16.6.1. Genetic engineering of host resistance and the potential problems
Molecular biologists have used genetic engineering techniques to produce insect-resistant varieties of a number of crop plants, including corn, cotton, tobacco, tomato, and potato, that can manufacture foreign antifeedant or insecticidal proteins under field conditions. The genes encoding these proteins are obtained from bacteria or other plants and are inserted into the recipient plant mostly via two common methods: (i) using an electric pulse or a metal fiber or particle to pierce the cell wall and transport the gene into the nucleus, or (ii) via a plasmid of the crown-gall bacterium, Agrobacterium tumefaciens. This bacterium can move part of its own DNA into a plant cell during infection because it possesses a tumor-inducing (Ti) plasmid containing a piece of DNA that can integrate into the chromosomes of the infected plant. Ti plasmids can be modified by removal of their tumor-forming capacity, and useful foreign genes, such as insecticidal toxins, can be inserted. These plasmid vectors are introduced into plant cell cultures, from which the transformed cells are selected and regenerated as whole plants.
Insect control via resistant genetically modified (transgenic) plants has several advantages over insecticide-based control methods, including continuous protection (even of plant parts inaccessible to insecticide sprays), elimination of the financial and environmental costs of unwise insecticide use, and cheaper modification of a new crop variety compared to development of a new chemical insecticide. Whether such genetically modified (GM) plants lead to increased or reduced environmental and human safety is currently a highly controversial issue. Problems with GM plants that produce foreign toxins include complications concerning registration and patent applications for these new biological entities, and the potential for the development of resistance in the target insect populations. For example, insect resistance to the tox- ins of Bacillus thuringiensis (Bt) (section 16.5.2) is to be expected after continuous exposure to these proteins in transgenic plant tissue. This problem might be overcome by restricting expression of the toxins to certain plant parts (e.g. the bolls of cotton rather than the whole cotton plant) or to tissues damaged by insects. A specific limitation of plants modified to produce Bt toxins is that the spore, and not just the toxin, must be present for maximum Bt activity with some pest insects.
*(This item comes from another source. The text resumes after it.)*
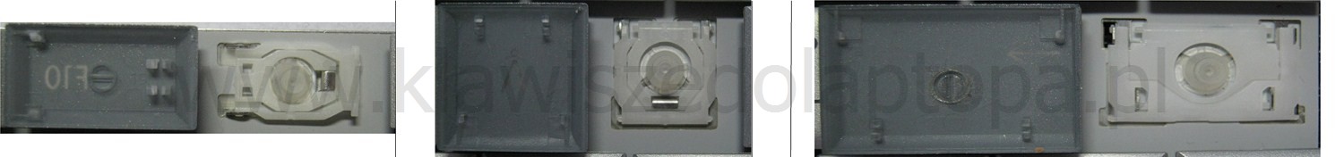 - Om het juiste model te kiezen, vergelijk de lege plek op jouw toetsenbord met de onderstaande foto’s, of verwijder de toets “A” – daaronder zit altijd een middelgrote clip.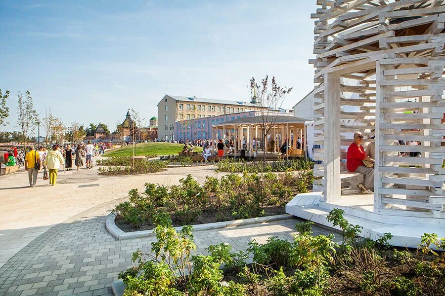 长长的堤岸不能与城市的其他部分分开而存在:沿着乌帕河前河床的步行路线成为新的步行区系统的一部分,这里有几个语义中心——博物馆区,一条有商店的步行街和咖啡馆,还有克里姆林宫的领土,由于新的入口而变得更容易到达。

It is possible that plant resistance based on toxins (allelochemicals) from genes transferred to plants might result in exacerbation rather than alleviation of pest problems. At low concentrations, many toxins are more active against natural enemies of phytophagous insects than against their pest hosts, adversely affecting biological control. Alkaloids and other allelochemicals ingested by phytophagous insects affect development of or are toxic to parasitoids that develop within hosts containing them, and can kill or sterilize predators. In some insects, allelochemicals sequestered whilst feeding pass into the eggs with deleterious consequences for egg parasitoids. Furthermore, allelochemicals can increase the tolerance of pests to insecticides by selecting for detoxifying enzymes that lead to cross-reactions to other chemicals. Most other plant resistance mechanisms decrease pest tolerance to insecticides and thus improve the possibilities of using pesticides selectively to facilitate biological control.
In addition to the hazards of inadvertent selection of insecticide resistance, there are several other environmental risks resulting from the use of transgenic plants.
First, there is the concern that genes from the modified plants may transfer to other plant varieties or species leading to increased weediness in the recipient of the transgene, or the extinction of native species by hybridization with transgenic plants. Second, the transgenic plant itself may become weedy if genetic modification improves its fitness in certain environments. Third, non-target organisms, such as beneficial insects (pollinators and natural enemies) and other non-pest insects, may be affected by accidental ingestion of genetically modified plants, including their pollen. A potential hazard to monarch butterfly populations from larvae eating milkweed foliage dusted with pollen from Bt corn attained some notoriety. Milkweeds, the host plants of the monarch larvae, and commercial cornfields commonly grow in close proximity in the USA. Following detailed assessment of the distance and Bt content of pollen drift, the exposure of caterpillars to corn pollen was quantified. A comprehensive risk assessment concluded that the threat to the butterfly populations was low.
Crop plants engineered genetically for resistance to herbicides may impact deleteriously on non-target insects. For example, the widespread use of weed control chemicals in fields of herbicide-resistant corn in the mid-western USA is leading to the loss of milkweeds used by the larvae and flowering annuals used as nectar sources by the adults of the monarch butterfly. The monarch has received much attention because it is a charismatic, flagship species (section 1.7), and similar effects on populations of numerous other insects are unlikely to be noticed so readily.